The Island of the Day Before (39 page)

Father Caspar replied that to make a machine sing it was necessary to shape wood or metal and arrange holes, or attach strings and scrape them with bows, or even—as he had done on the
Daphne
—invent a water device; but if we opened the throat of a nightingale, we saw no machine of this sort there, a sign that God followed paths different from ours.

Then he asked if, as Roberto looked with such favor on infinite solar systems revolving in the sky, he could not admit that each of these systems might be part of a larger system that revolved in its turn within a system still larger, and so on—for, proceeding from such premisses, you became like the virgin prey of a seducer: she grants him first a small concession but soon will have to grant him more, and then more, and once embarked on that road, she might arrive at any terrible extremity.

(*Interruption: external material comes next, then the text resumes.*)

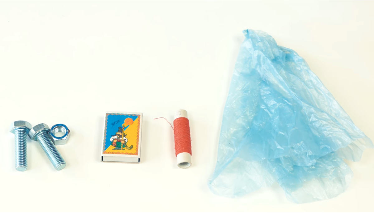 Сегодня мы покажем вам как можно сделать воздушную бомбу буквально за 5 минут Для это нам понадобится два болта, гайка, спички и целлофановый пакет Возьмем болт и немного прикрутим гайку. А в оставшееся пространство начистим спичечной серы. И прикрутим второй болт, что бы получилось вот так. Затем ниткой привязываем целлофановый пакет. Должно получиться так. Вот и всё наша воздушная бомба готова. Осталось только опробывать её для этого нужно просто подбросить всю конструкцию пакетом вверх и бежать, так как болты могут разлететься в стороны и попасть в вас. Помните, что эта бомба опасна и наша команда СТРОГО ЗАПРЕЩАЕТ пробовать её делать без защиты или сопровождения взрослых!!! Лучше посмотрите наши прошлые более безопасные самоделки.

Of course, Roberto said, one can conceive anything. Vortices without planets, vortices that bump into one another, vortices that are not round but hexagonal, so that each face or side fits into another vortex, all of them together forming a kind of hive with its cells, or else they are polygons that, pressed one against the other, create voids that Nature fills with other, lesser vortices, all cogged among themselves like the works of a clock—their entirety moving in the universal sky like a great wheel that turns and propels inside itself other wheels that turn, each with smaller wheels turning within, and all that great circle making in the sky an immense revolution that lasts millennia, perhaps around another vortex or vortices of vortices....At which point Roberto risked drowning, because of the great vertigo that overwhelmed him.

And it was at this moment that Father Caspar had his triumph. Then, he explained, if the earth revolves around the sun, but the sun revolves around something else (and omitting the question of whether this something else revolves around a something else of yet another something else), we have the problem of the
roulette
—of which Roberto must have heard talk in Paris, since from Paris it went into Italy among the Galileans, who would think up anything provided they could disturb the world.

"What is the roulette?" Roberto asked.

"You can call it also trochoid or cycloid, but it is much the same. Imagine a wheel."

"Like before?"

"No. Now imagine you the wheel of a wagon. And imagine on the rim of the wheel a nail. Now imagine the wheel not moving, and the nail just above ground. Now you think that the wagon moves and the wheel turns. What to the nail happens?"

"Well, if the wheel turns, at a certain point the nail will be on top, but when the wheel has made its complete revolution, the nail is again close to the ground."

"So you think this wheel has like a circle moved?"

"Why, yes. Certainly not like a square."

"Now you listen, booby. You say the nail finds itself on the ground where it before was?"

"Wait a moment.... No, if the wagon went forward, the nail would be on the same ground, but much farther ahead."

"Therefore it has not made circular movement."

"No, by all the saints in Paradise!"

"You must not say Byallsaintsofparadise."

"Forgive me. But what movement has it made?"

"It has made a trochoid, and for you to understand I say it is like the movement of a ball you throw before you, then it touches ground, then makes another arc of circle, then again—but, while the ball makes smaller and smaller arcs, the nail makes always regular arcs, if the wheel always at the same speed goes."

"And what does this mean?" Roberto asked, anticipating his defeat.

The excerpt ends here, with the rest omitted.